The fundamental problem is that we do not have adequate obstructions to a set of elements in a group (or normal subgroup) normally generating the whole group (resp. normal subgroup).  In [7] I address this problem by introducing a functor # from the category of groups to the category of commutative rings.  I further show that questions about the normal generation of groups (or normal subgroups) get translated into questions concerning the generation of ideals in commutative rings.

The power of this approach is demonstrated in [7] with an alternative proof of a result first proved by Boyer in 1988.  This states that the free product of two cyclic groups C_p * C_q, cannot be normally generated by a proper power; w^r, with r>1.  Using the machinery of [7], this reduces to proving the `high school algebra' statement that a polynomial in one variable of positive degree cannot divide 1.

Random graphs

With Prof.
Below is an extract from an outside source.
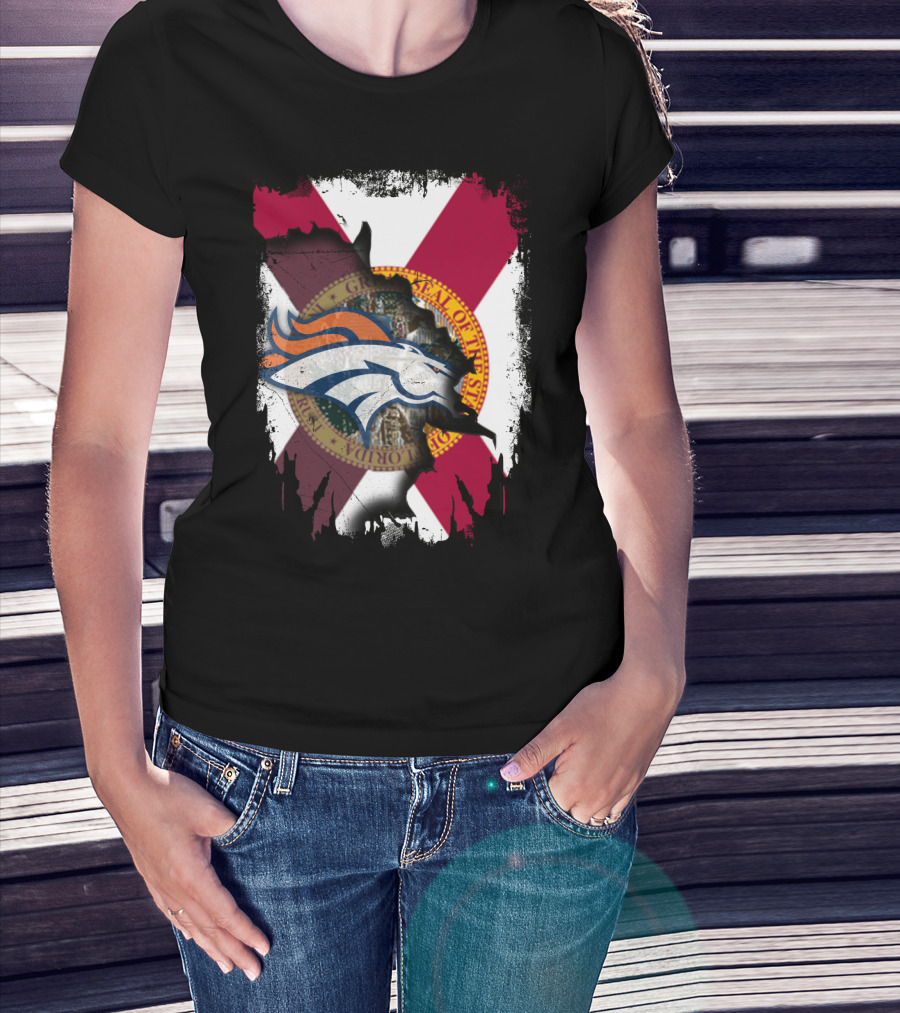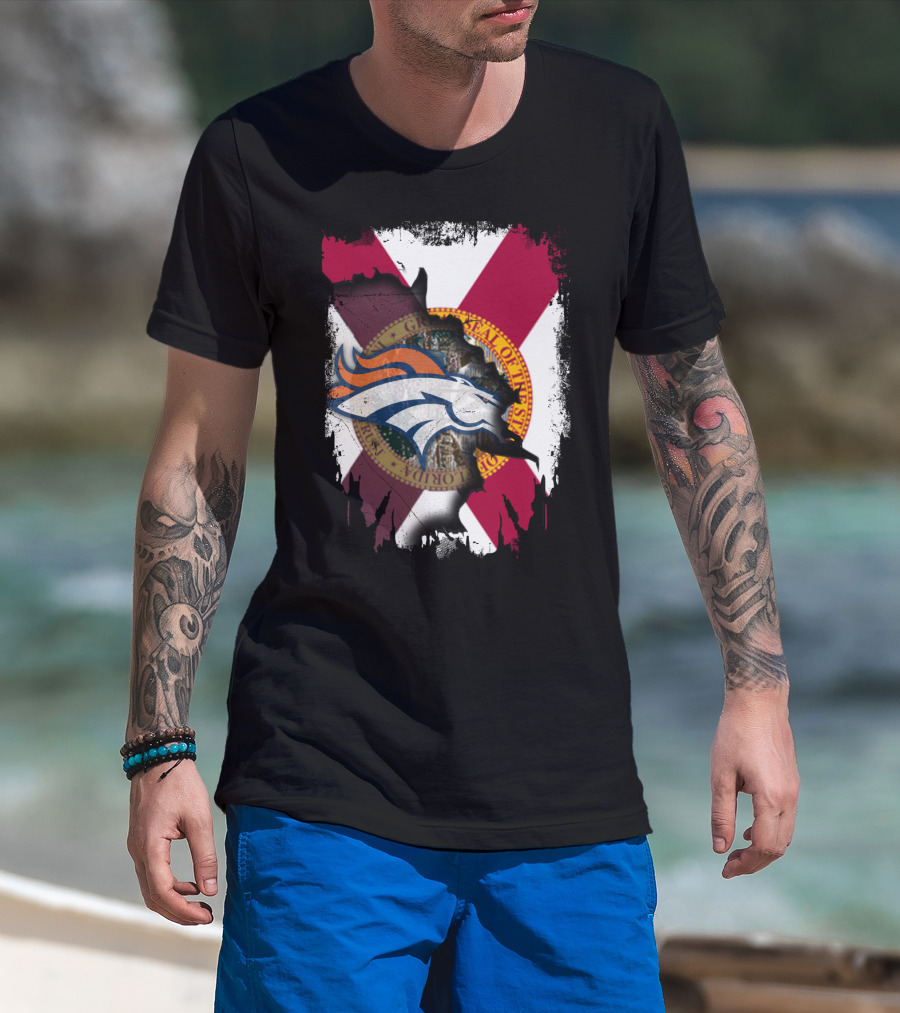 Together Florida With Broncos Logo And State Flag Emblem T-Shirt

Michael Farber and Prof. Alexander Gnedin I investigated random processes for constructing graphs [15].  The novelty of our process is that at each step either an external edge or vertex may be added.  We identified the critical exponent alpha, where with probability tending to 1 an edge emerges after n^alpha steps.

We have also analysed what happens at the critical value, identifying the coefficient on n^\alpha for the expected number of steps till an edge emerges.

We also modelled the growth of the number of vertices and edges using differential equations.